La capacité des modèles à mémoriser certaines données repose souvent sur leur fréquence d’apparition et leur répétitivité. En d’autres termes, plus une donnée est présente dans le corpus d’entraînement, plus elle a de chances d’être mémorisée de manière verbatim. Ce phénomène soulève une difficulté juridique majeure, notamment en matière de droit à l’oubli et de conformité avec le RGPD ou son équivalent suisse. L’une des questions fondamentales reste de savoir s’il est possible de faire « désapprendre » une information à un modèle. Des travaux récents sur le « machine unlearning » visent précisément cet objectif, mais les méthodes actuelles demeurent coûteuses et incomplètes. Il est difficile, voire impossible, de garantir l’effacement total d’une donnée sans réentraîner le modèle entier.

Face à ces risques, différentes stratégies sont envisagées. Certaines consistent à améliorer le pré-traitement des données, en supprimant les éléments identifiables avant l’entraînement. D’autres recourent à des techniques de confidentialité différentielle, qui visent à injecter du bruit statistique dans les données pour empêcher l’extraction d’informations individuelles. Cependant, ces méthodes affectent souvent les performances du modèle, créant un arbitrage délicat entre utilité et protection. Les auteurs insistent sur le besoin de nouvelles approches hybrides, capables de moduler le niveau de confidentialité selon le contexte, et d’intégrer des garanties dès la phase d’entraînement.

Le deuxième niveau d’analyse porte sur les interactions entre l’utilisateur et le modèle, à travers les prompts.

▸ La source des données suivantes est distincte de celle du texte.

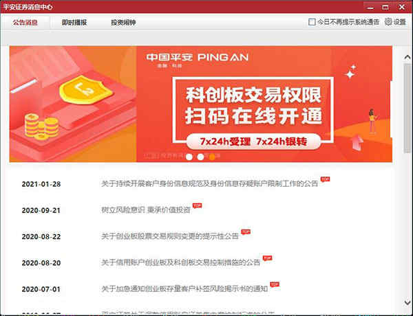 1、安装完成后,会自动进入平安证券慧赢软件的主界面,并弹出平安证券消息中心。平安证券消息中心分为三大块,分别是公告消息、即时播报和投资闹钟。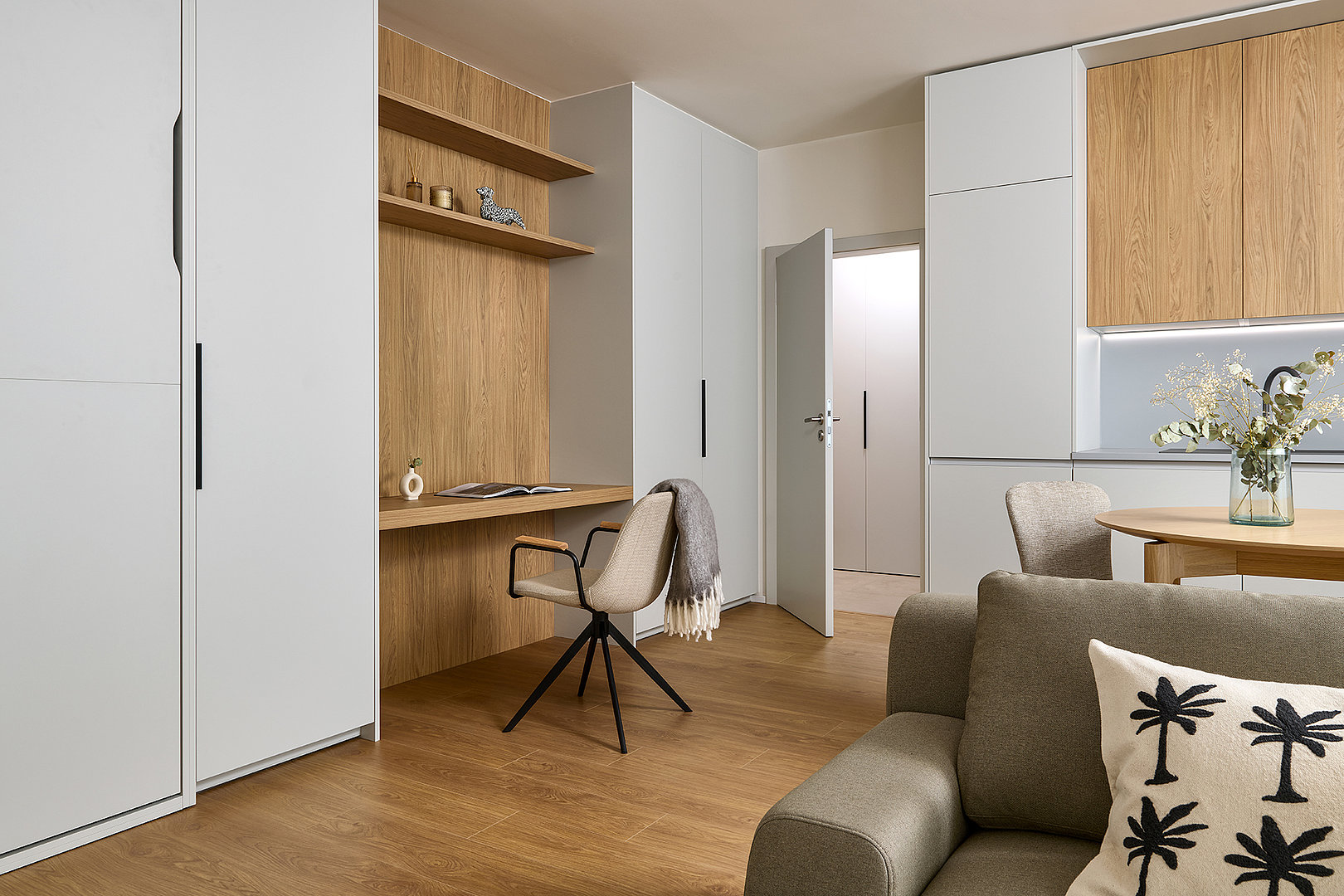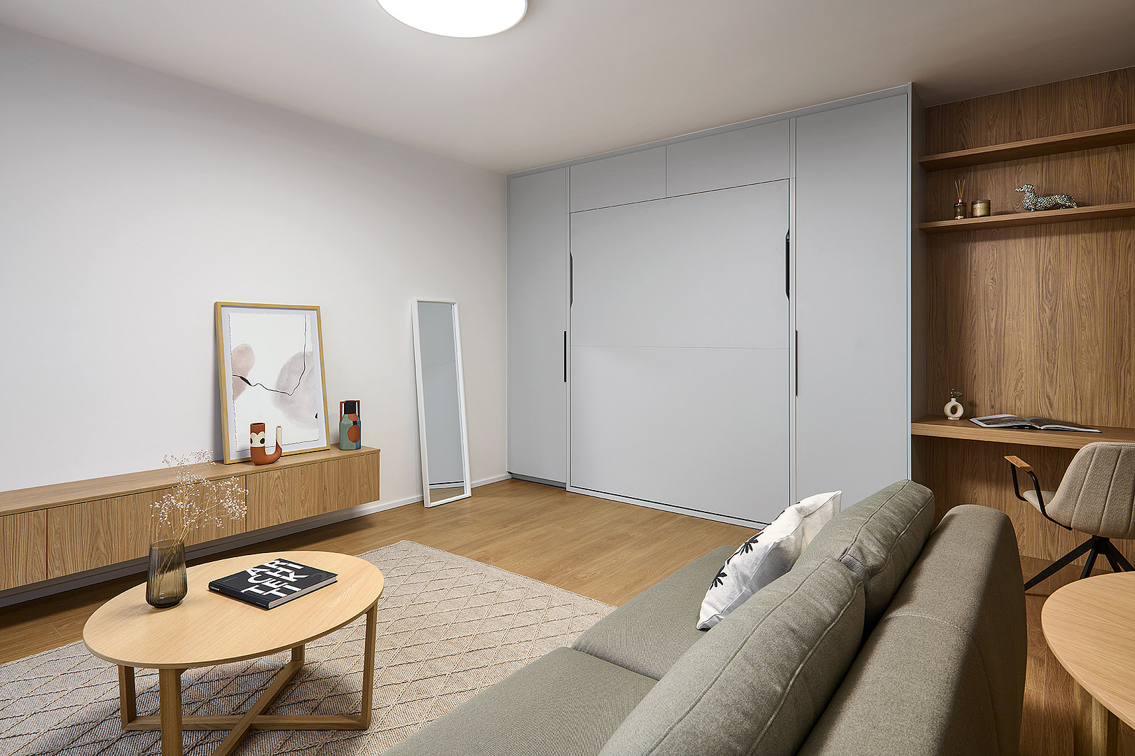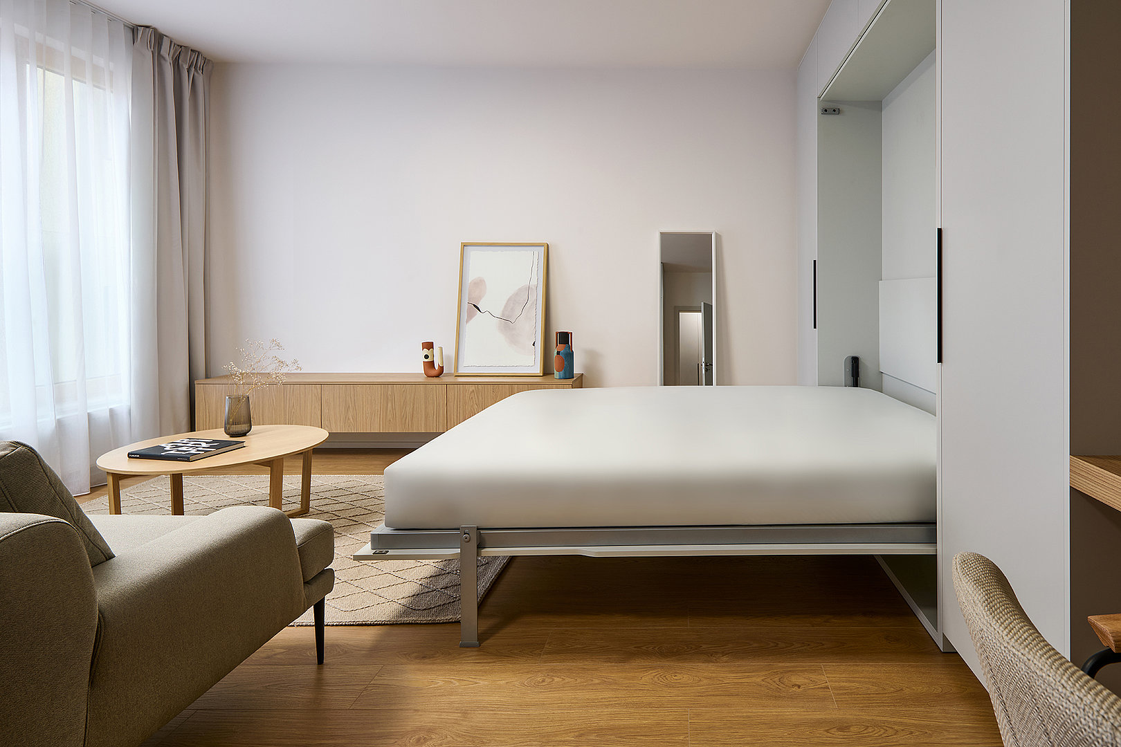 Dominantným prvkom riešenia je sklopná posteľ FLIP, ktorá dodáva interiéru ľahkosť a voľnosť pohybu. Vďaka nej zostáva priestor otvorený a vzdušný bez kompromisov v oblasti komfortu. Počas dňa byt plnohodnotne slúži dennému životu, večer sa nenápadne mení na pokojné miesto oddychu. Posteľ je prirodzene integrovaná do nábytkovej zostavy a zachováva čisté línie interiéru.

Ce que l’utilisateur écrit dans sa requête est souvent considéré comme éphémère ou sans conséquence, mais dans la réalité, ces textes sont fréquemment enregistrés, analysés et réutilisés pour améliorer les modèles. Il en résulte une autre forme d’exposition à la perte de confidentialité, d’autant plus insidieuse qu’elle repose sur une fausse perception de sécurité. Dans des environnements professionnels, comme le domaine juridique ou médical, les utilisateurs peuvent soumettre des cas réels, des documents sensibles, des éléments d’identification ou des scénarios impliquant des clients. Si ces données sont stockées et analysées sans contrôle, elles deviennent une source potentielle de fuite.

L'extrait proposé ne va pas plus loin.